Gabriel Allon 01 - The Kill Artist
Page 34
He got back into the car, drove down the Golan to a kibbutz outside Qiryat Shemona. It was a Friday night. He went to the dining hall for Shabbat meal, sat with a group of adults from the kibbutz: farmworkers with sunburned faces and callused hands. They ignored him for a time. Then one of them, an older man, asked his name and where he was from. He told them he was Gabriel. That he was from the Jezreel Valley but had been away for a long time.
In the morning he crossed the fertile flatlands of the coastal plain and drove south along the Mediterranean—through Akko, Haifa, Caesarea, and Netanya—until finally he found himself on the beach at Herzliya.
She was leaning against the balustrade, arms folded, looking out to sea at the setting sun, wind pushing strands of hair across her face. She wore a loose-fitting white blouse and the sunglasses of a woman in hiding.
Gabriel waited for her to notice him. Eventually she would. She had been trained by Ari Shamron, and no pupil of the great Shamron would ever fail to take notice of a man standing below her terrace. When she finally saw him a smile flared, then faded. She lifted her hand, the reluctant wave of someone who had been burned by the secret fire. Gabriel lowered his head and started walking.
They drank icy white wine on her terrace and made small talk, avoiding the operation or Shamron or Gabriel’s wounds. Gabriel told her about his journey. Jacqueline said she would have liked to come. Then she apologized for saying such a thing—she had no right.
“So why did you come here after all these weeks, Gabriel? You never do anything without a reason.”
He wanted to hear it one more time: Tariq’s version of the story. The way he had told it to her that night during the drive from the border to New York. He looked out to sea as she spoke, watching the wind tossing the sand about, the moonlight on the waves, but he was listening fiercely. When she was done, he still couldn’t put the final pieces into place. It was like an unfinished painting or a series of musical notes with no resolution. She invited him to stay for dinner. He lied and said he had pressing matters in Jerusalem.
“Ari tells me you want to leave. What are your plans?”
“I have a man named Vecellio waiting for me in England.”
“Are you sure it’s safe to go back?”
“I’ll be fine. What about you?”
“My story has been splashed across newspapers and television screens around the world. I’ll never be able to return to my old life. I have no choice but to stay here.”
“I’m sorry I got you mixed up in this business, Jacqueline. I hope you can forgive me.”
“Forgive you? No, Gabriel—quite the opposite, actually. I thank you. I got exactly what I wanted.” A second’s hesitation. “Well, almost everything.”

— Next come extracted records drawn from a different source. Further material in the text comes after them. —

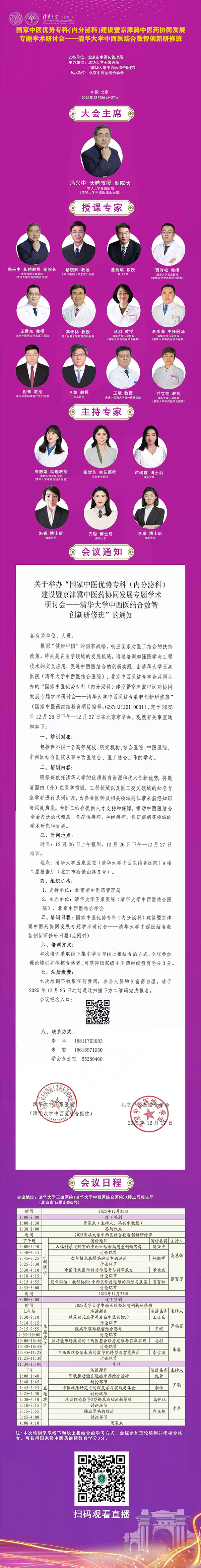 预告丨国家中医优势专科(内分泌科)建设暨京津冀中医药协同发展专题学术研讨会——清华大学中西医结合数智创新研修班
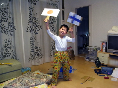 きっと子供達が喜ぶだろうと、園児が生活発表会で演じていた国の国旗を作り、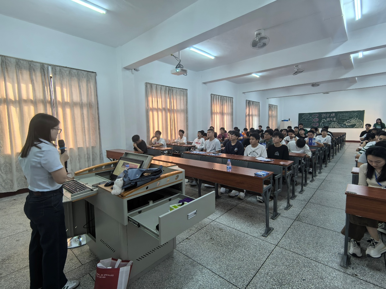 宣讲会伊始,人事李欢通过播放南方路机的宣传片,向在场的师生展示了公司的创立历程、发展现状及技术实力。随后李欢详细介绍了南方路机在物料处理、工程搅拌、建废处理三大板块的业务布局,以及公司在绿色循环建材整体解决方案上的创新突破,重点介绍公司的企业文化、发展前景以及招聘岗位、福利待遇等同学们关心的问题。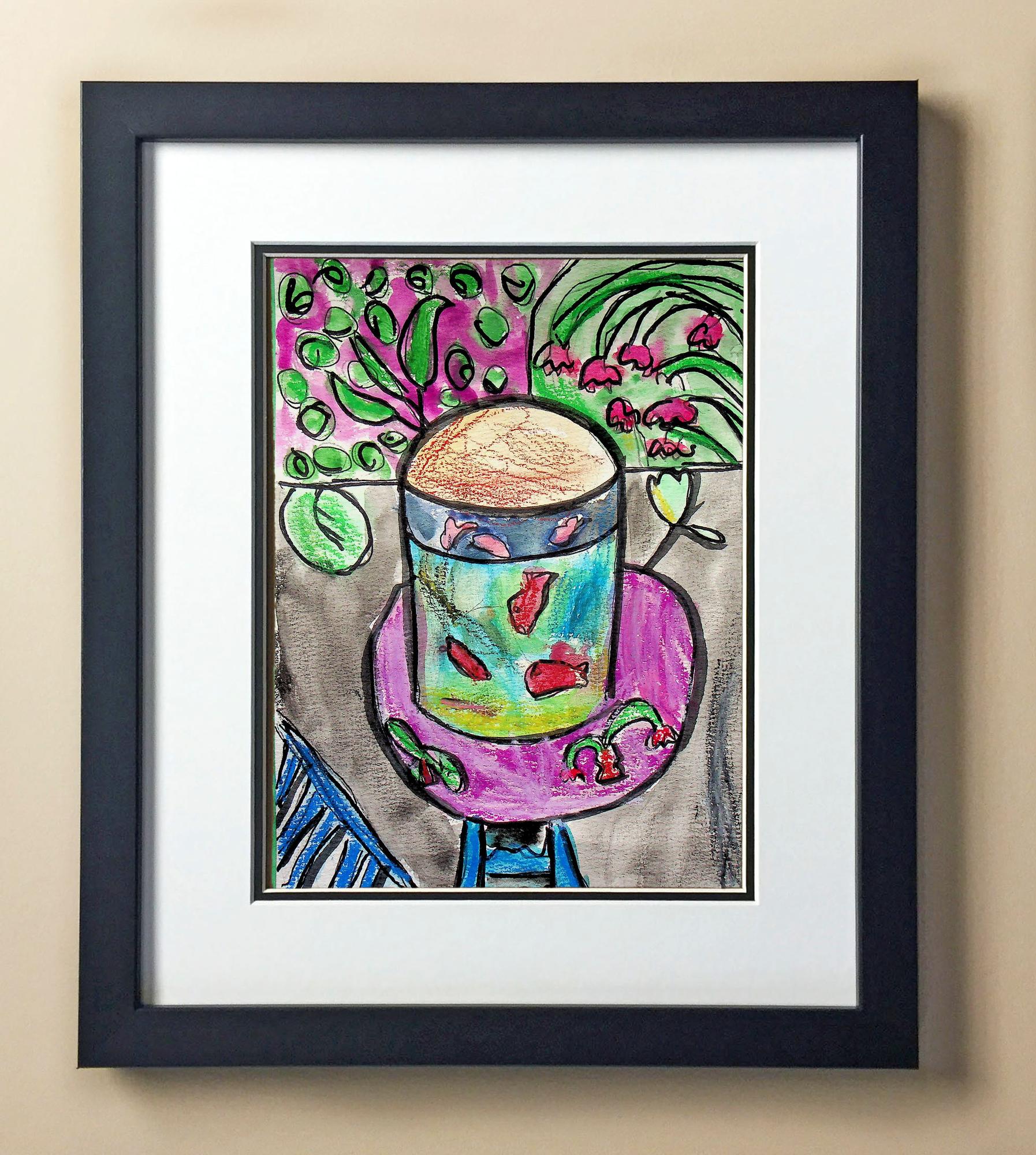Included with the purchase is the Students Artwork, Frame, double matboard, shatter proof plexiglass, and a ready to hang backerboard with turnbuttons

She walked him down to the beach. He kissed her softly on the mouth, touched her hair. Then he turned and walked to his car. He paused once to look over his shoulder at her, but she had already gone.
He was hungry, so instead of going straight to Jerusalem he stopped in Tel Aviv for dinner. He parked in Balfour Street, walked to Sheinkin, wandered past trendy cafés and avant-garde shops, thinking of the rue St-Denis in Montreal. He had the sense he was being followed. Nothing specific, just the flash of a familiar face too many times—a color, a hat.
He purchased a newspaper from a kiosk, sat down in a restaurant with small round tables spilling onto the sidewalk. It was a warm evening, sidewalks filled with people. He ordered falafel and beer, then opened the newspaper and read the lead article on the front page: “Benjamin Stone, the maverick publisher and entrepreneur, is missing and feared drowned off St. Martin in the Caribbean. Authorities believe Stone fell overboard from his luxury yacht sometime during the night.”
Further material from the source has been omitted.